Available data:

==================================================

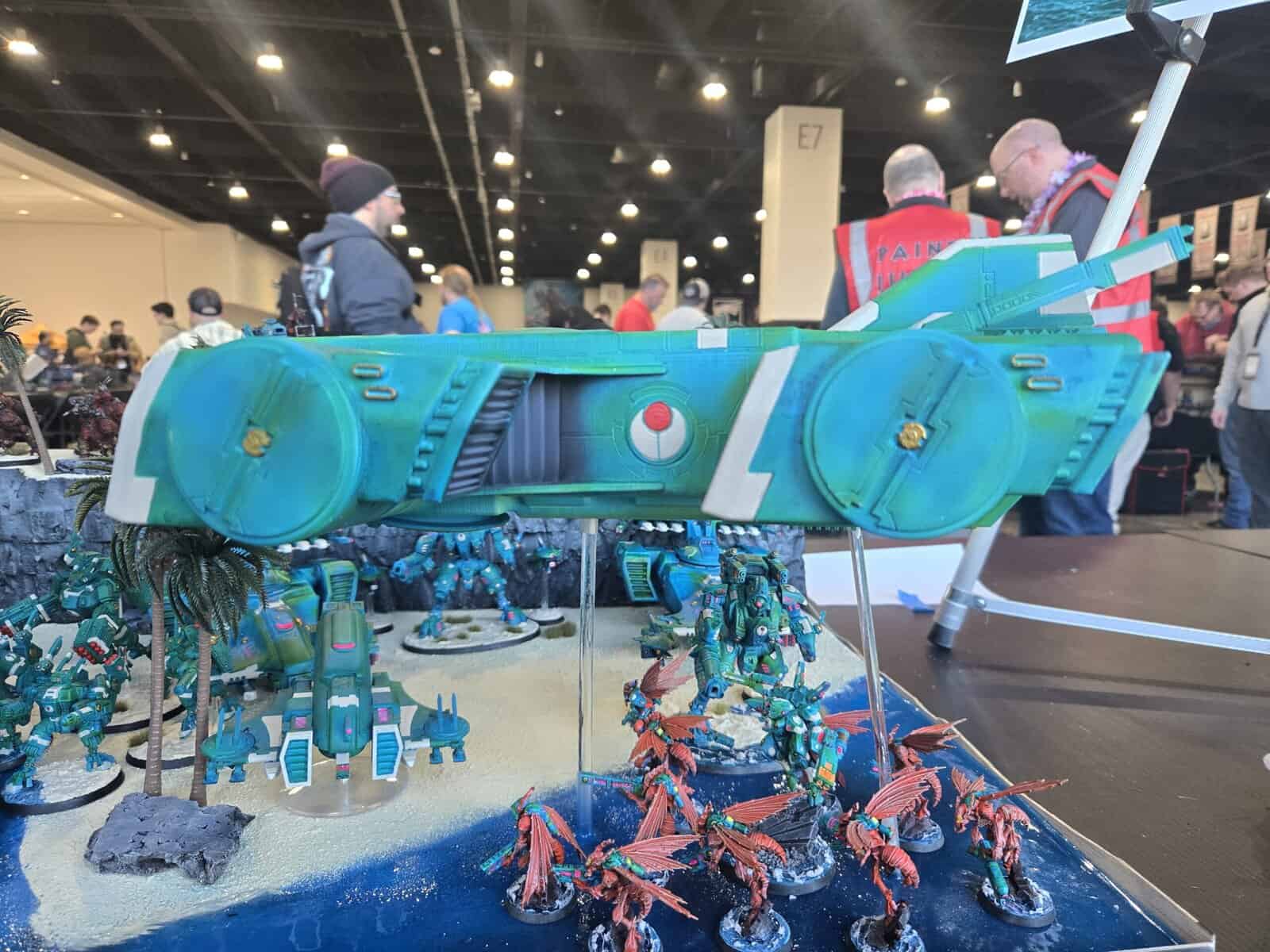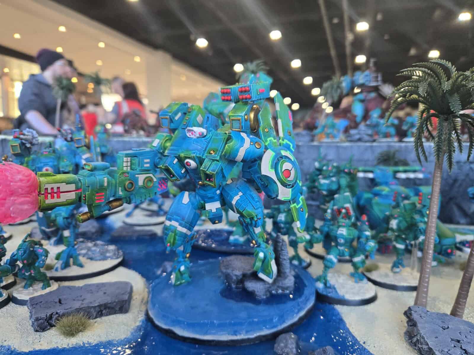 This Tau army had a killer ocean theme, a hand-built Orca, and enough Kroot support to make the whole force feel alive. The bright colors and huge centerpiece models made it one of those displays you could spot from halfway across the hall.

==================================================

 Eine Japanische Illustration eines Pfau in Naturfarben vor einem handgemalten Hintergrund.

==================================================

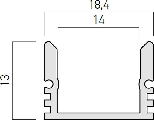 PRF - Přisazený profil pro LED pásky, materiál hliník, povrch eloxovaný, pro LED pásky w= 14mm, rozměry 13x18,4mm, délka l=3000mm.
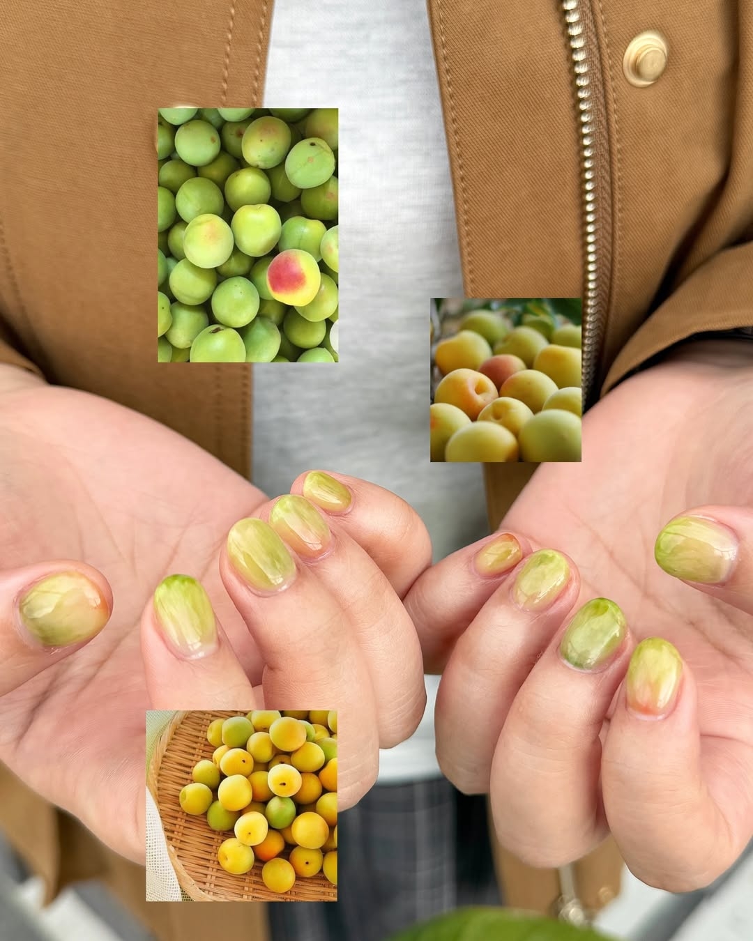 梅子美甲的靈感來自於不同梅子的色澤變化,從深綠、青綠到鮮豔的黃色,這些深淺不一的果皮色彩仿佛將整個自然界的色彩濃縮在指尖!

==================================================

Your goal:
Transcribe exactly the lines above, beginning at the one with "PRF - Přisazený" and going up to and including the one with "梅子美甲的靈感來自於不同梅子". Pictures do not belong in the copy.

Answer to the problem:
 PRF - Přisazený profil pro LED pásky, materiál hliník, povrch eloxovaný, pro LED pásky w= 14mm, rozměry 13x18,4mm, délka l=3000mm.
 梅子美甲的靈感來自於不同梅子的色澤變化,從深綠、青綠到鮮豔的黃色,這些深淺不一的果皮色彩仿佛將整個自然界的色彩濃縮在指尖!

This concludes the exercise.